En parlant, elle avait ouvert la voie au #Metoo français, et bouleversé le monde du cinéma. Cinq ans plus tard, l’affaire Adèle Haenel arrive au tribunal, avec le procès à Paris du réalisateur Christophe Ruggia, jugé lundi et mardi pour agressions sexuelles sur mineure. L’homme de 59 ans, qui conteste les accusations, et Adèle Haenel, partie civile au procès, viendront à l’audience devant le tribunal correctionnel, ont indiqué leurs avocats respectifs. La justice s’était saisie de cette affaire en 2019, après une enquête de Mediapart sur les faits dénoncés par l’actrice, qui s’est depuis mise en retrait du cinéma.
Les alertes de l’équipe du film
Adèle Haenel a 11 ans quand elle rencontre Christophe Ruggia, 12 quand débute le tournage du film “Les Diables”. Un rôle intense, celui d’une jeune autiste qui développera une relation incestueuse avec son frère. Un tournage difficile. Le réalisateur fait barrage au reste de l’équipe pour qu’Adèle Haenel se plonge pleinement dans son personnage.

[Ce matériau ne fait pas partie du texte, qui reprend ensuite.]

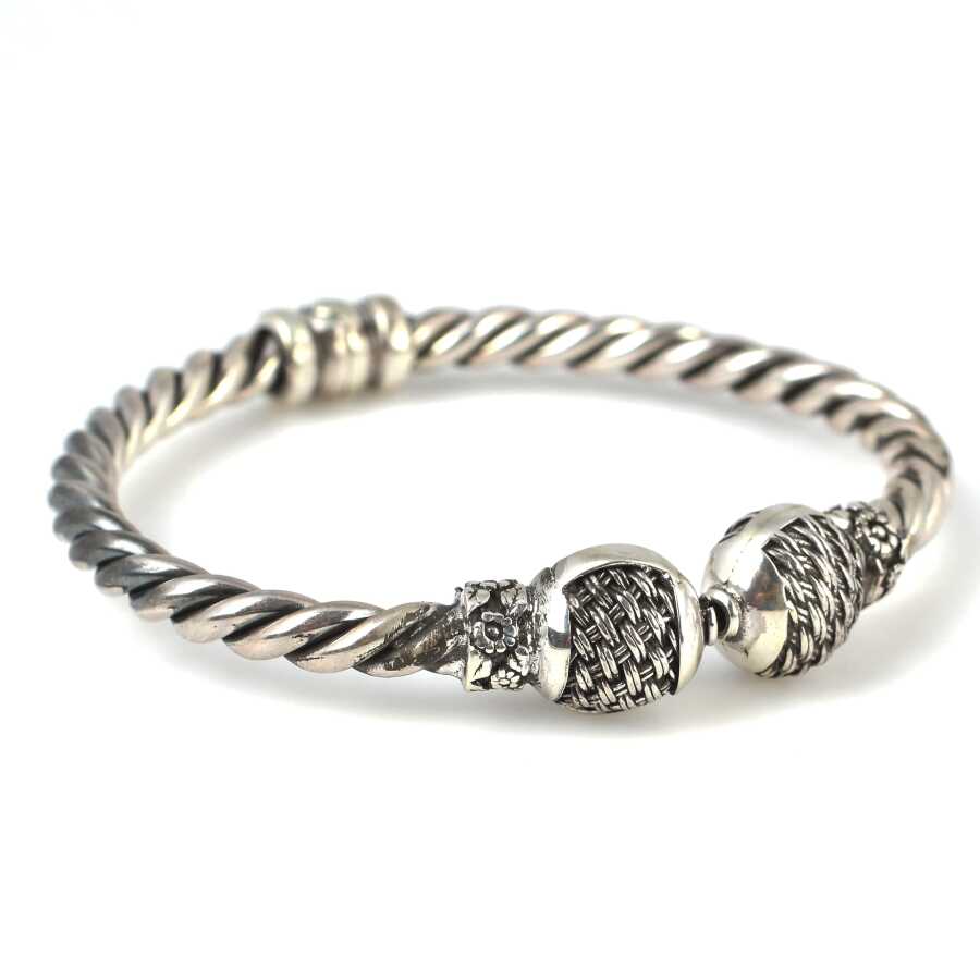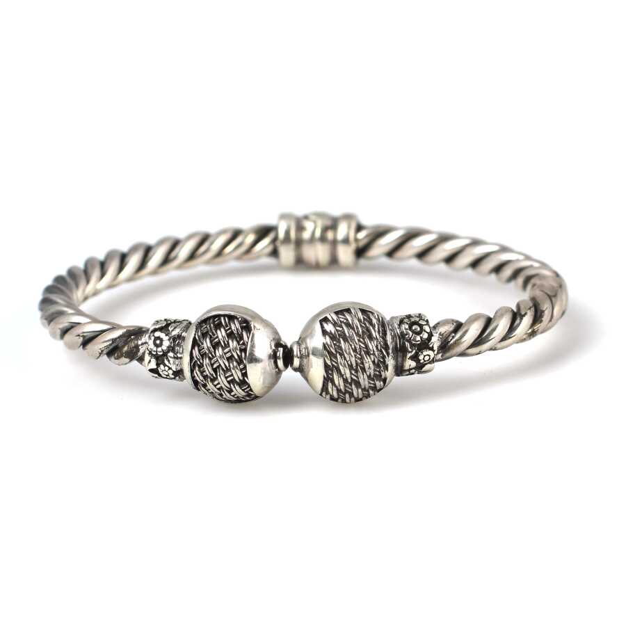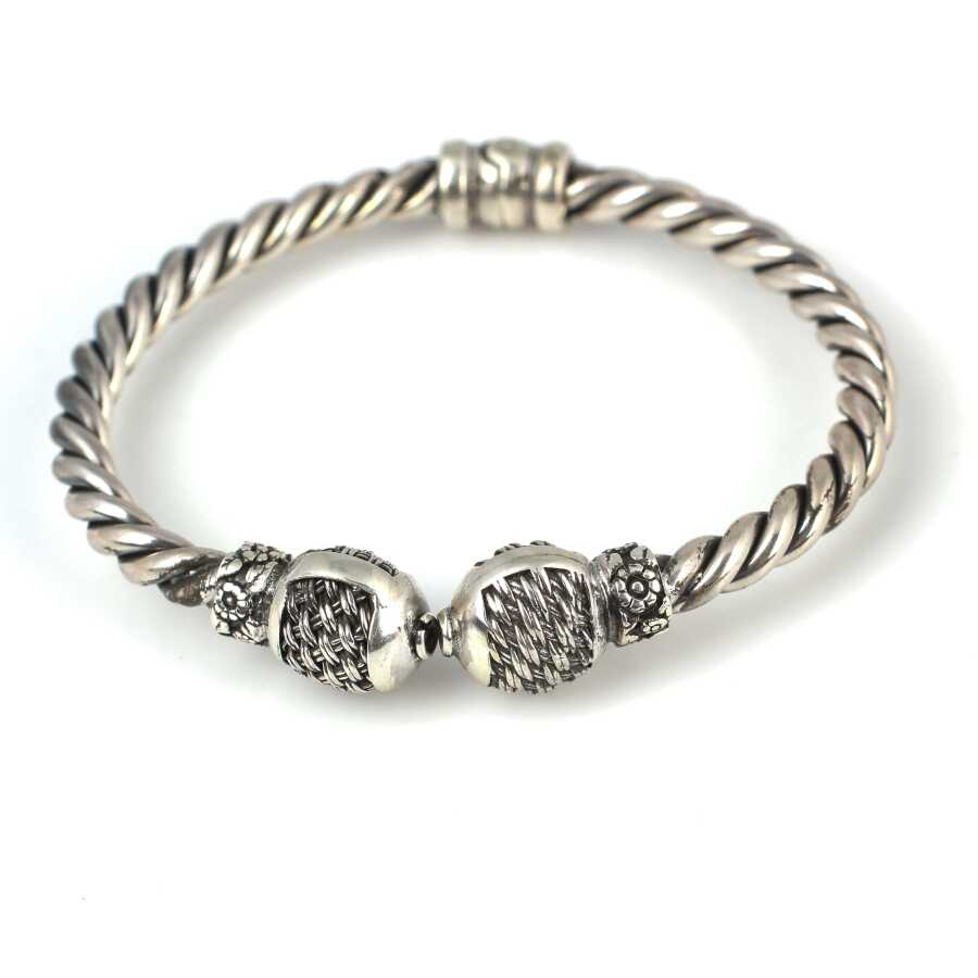 Bilezik 925 ayar gümüşten imal edilmiştir. Örgü toplu bilezik 5,9 cm çapındadır. Bileziğin önündeki toplar 1,2 cm kalınlığındadır. Bilezik yaylı ve taşsızdır. Ağırlığı 25,05 gramdır.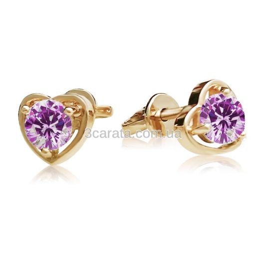 Золоті сережки-сердечка пусети з аметистом «Preferita»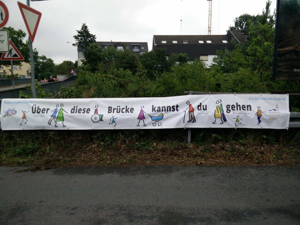 Aufgrund der Geschichte der Entstehung unserer Gemeinde, v.a. aber des Kirchenbaus sind wir sehr im Stadtteil verwurzelt. Dies zeigt sich in der Präsenz bei Veranstaltungen im Stadtteil, aber auch in der Öffnung der Gemeindegebäude und dem Engagement der Mitarbeitenden für Fragen und Belange vor Ort. In den letzten Jahren zeigte sich unser sozial-diakonisches Profil der Gemeinde insbesondere im Engement für Geflüchtete. Kirche und Gemeindehaus werden für Kirchenasyl, Sprachkurse und weitere Veranstaltungen aktiv genutzt. Auf diese Weise heißen wir hier viele ganz unterschiedliche Menschen herzlich willkommen.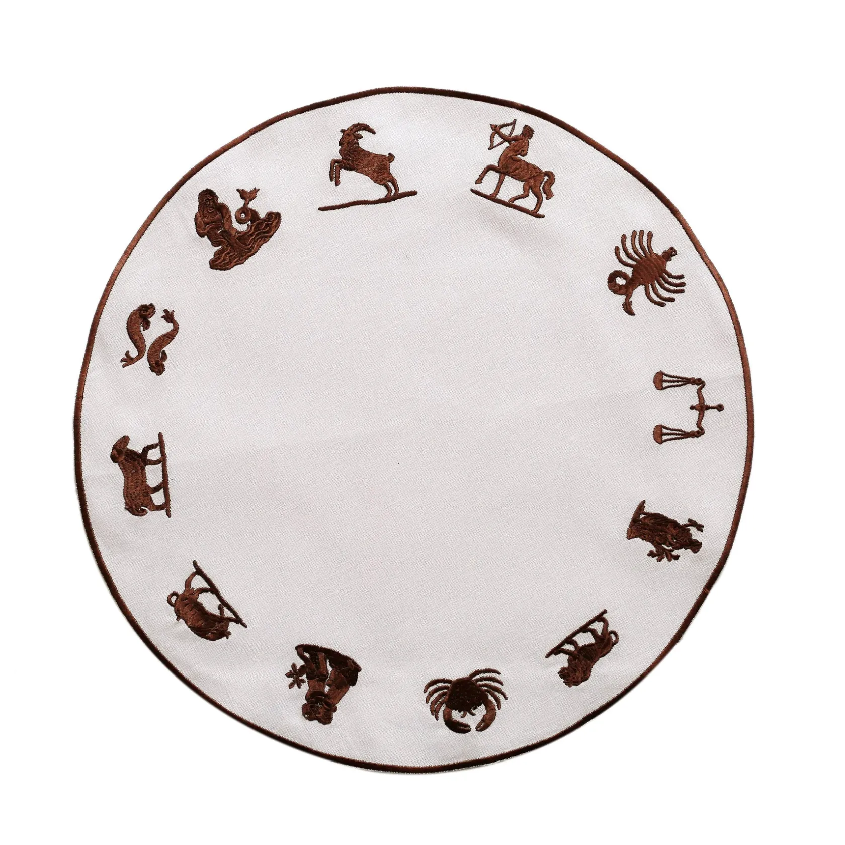 Linen fabric placemat with the zodiac wheel embroidered on the rim.

Les alertes sur l’emprise exercée par le réalisateur commencent. “Attention, c’est une petite fille”, lui dit la directrice de casting. “Anormal et malsain”, dénonce la scripte. “Trop tactile et ambigu”, prévient la coach des acteurs. “Ça va pas, on dirait un couple c’est pas normal”, s’était dit une scripte du film.
Des après-midi passés chez Christophe Ruggia
Mais c’est après la période de tournage que débutent les agressions sexuelles, selon Adèle Haenel. Des dizaines de samedis après-midi passés chez Christophe Ruggia, pour découvrir des films, dit-il. Elle rapporte des attouchements répétés jusqu’à ses 15 ans.
Les agressions qu’elle dénonce se déroulaient toujours de la même façon : il est assis sur un fauteuil, elle sur le canapé et “très vite”, il trouve un prétexte pour se rapprocher. Il commence par lui caresser les cuisses, remonte “l’air de rien”, puis lui touche le sexe ou la poitrine. “Il respirait fort” et “m’embrassait dans le cou”, décrit-elle. Et si elle résistait, “il réagissait de manière choquée et avec cet air de “non mais qu’est-ce que tu vas croire ?”, alors qu’il avait sa main dans ma culotte”.
Le réalisateur nie
Les visites s’arrêtent fin 2004. Mais plusieurs personnes témoignent des réactions épidermiques de l’actrice à l’évocation du réalisateur ou du tournage au fil des années. Christophe Ruggia a confessé à sa sœur être tombé amoureux d’Adèle Haenel. Devant les enquêteurs, il a soutenu de façon continue que l’actrice avait mal interprété ses intentions. Il niera tout. Les agressions, les déclarations d’amour, l’emprise. Il évoquera la “sensualité” de l’actrice de 12 ans pendant le tournage. Les “poses” que prenait Adèle Haenel sur son canapé, ses mouvements de “langue”, “dignes d’un film porno” qui le mettaient mal à l’aise voire le “dégoûtaient”.
Adèle Haenel a dit avoir décidé de parler publiquement en apprenant que Christophe Ruggia préparait un nouveau film avec des adolescents – dont les personnages portaient les mêmes prénoms que le frère et la sœur des “Diables”. Le réalisateur, jugé pour agressions sexuelles aggravées par la minorité de la victime et sa position d’autorité, encourt jusqu’à dix ans de prison et 150.000 euros d’amende.